Active/inactive state transitions of the chloroplast F1 ATPase are induced by a slow binding and release of Mg2+. Relationship to catalysis and control of F1 ATPases.


Mg2+ is known to be a potent inhibitor of F1 ATPases from various sources. Such inhibition requires the presence of a tightly bound ADP at a catalytic site. Results with the spinach chloroplast F1 ATPase (CF1) show that the time delays of up to 1 min or more in the induction or the relief of the inhibition are best explained by a slow binding and slow release of Mg2+ rather than by slow enzyme conformational changes. CF1 is known to have multiple Mg2+ binding sites with Kd values in the micromolar range. The inhibitory Mg2+ and ADP can bind independently to CF1. When Mg2+ and ATP are added to the uninhibited enzyme, a relatively fast rate of hydrolysis attained soon after the addition is followed by a much slower steady-state rate. The inhibited steady-state rate results from a slowly attained equilibrium of binding of medium Mg2+. The Kd for the binding of the inhibitory Mg2+ is in the range of 1-8 microM, in the presence or absence of added ATP, as based on the extent of rate inhibition induced by Mg2+. Assessments from 18O exchange experiments show that the binding of Mg2+ is accompanied by a relatively rapid change to an enzyme form that is incapable of hydrolyzing MgATP. When ATP is added to the Mg2+- and ADP-inhibited enzyme, the resulting reactivation can be explained by MgATP binding to an alternate catalytic site which results in a displacement of the tightly bound ADP after a slow release of Mg2+. Both an increase in temperature (to 50 degrees C) and the presence of activating anions such as bicarbonate or sulfite reduce the extent of the Mg2+ inhibition markedly.

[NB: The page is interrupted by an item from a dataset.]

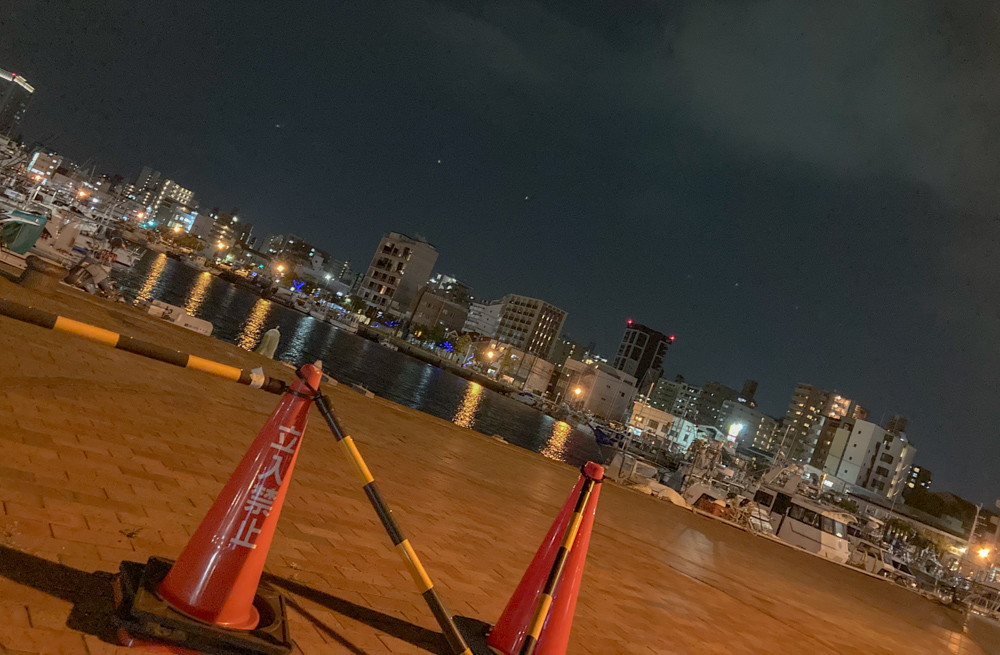 確か今回は21時くらいに散策したと思いますが、金曜という事もあり、対岸のかもめ広場で飲んでる大人たちの声が響き渡ります。

The activating anions may bind to CF1 in place of Pi near the ADP. Whether the inhibitory Mg2+ binds at catalytic or noncatalytic nucleotide binding sites or at another location is not known. The Mg2(+)- and ADP-induced inhibition appears to be a general property of F1 ATPases, which show considerable differences in affinity for ADP, Mg2+, and Pi. These differences may reflect physiological control functions.